A transition is NOT the answer.
6: Do you think the security threats are serious, and do you think there should even be a ban?
No, they aren't. There is no evidence of any issue. Every single bill and proposed bill is worded to say that the threat is possible, not real. And a country of origin ban wouldn't even address the issue if it did exist. Any drone that is connected to the internet is hackable. And all of these supposed blue drones do connect to the internet.
The only way to truly address this issue is to have the gov't establish a set of true cybersecurity protocols for any drone used in areas with security concerns. And then mandate that those protocols are followed, regardless of where the drone was built. Also, we need to define what actual areas where security concerns exist. Many of these bills are so poorly written, it would prevent drones from flying in our own backyards if we have power lines in them.

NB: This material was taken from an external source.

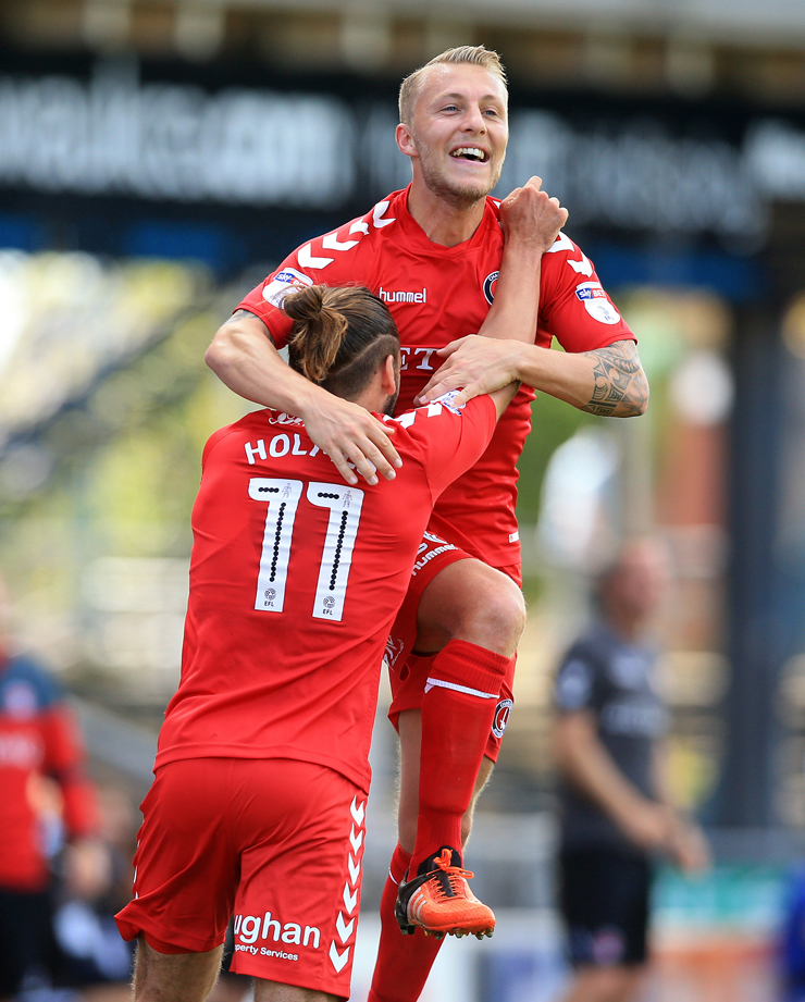 Charlton Athletic’s Ricky Holmes (No 11) celebrates with team-mate Chris Solly after he scores his sides first goal.

The entirety of this mess is predicated on the current anti-China fervor in politics, and spread by unscrupulous US drone manufacturers (specifically Skydio, BRINC, and Teal) who can't compete with DJI or Autel any other way. They buy their way into congressional offices and state houses to spread their lies.
And they have organizations like AUVSI actively pushing their agenda too.
These companies and AUVSI don't care about the U.S. drone industry (especially First Responder Agencies), they only care about their bottom line.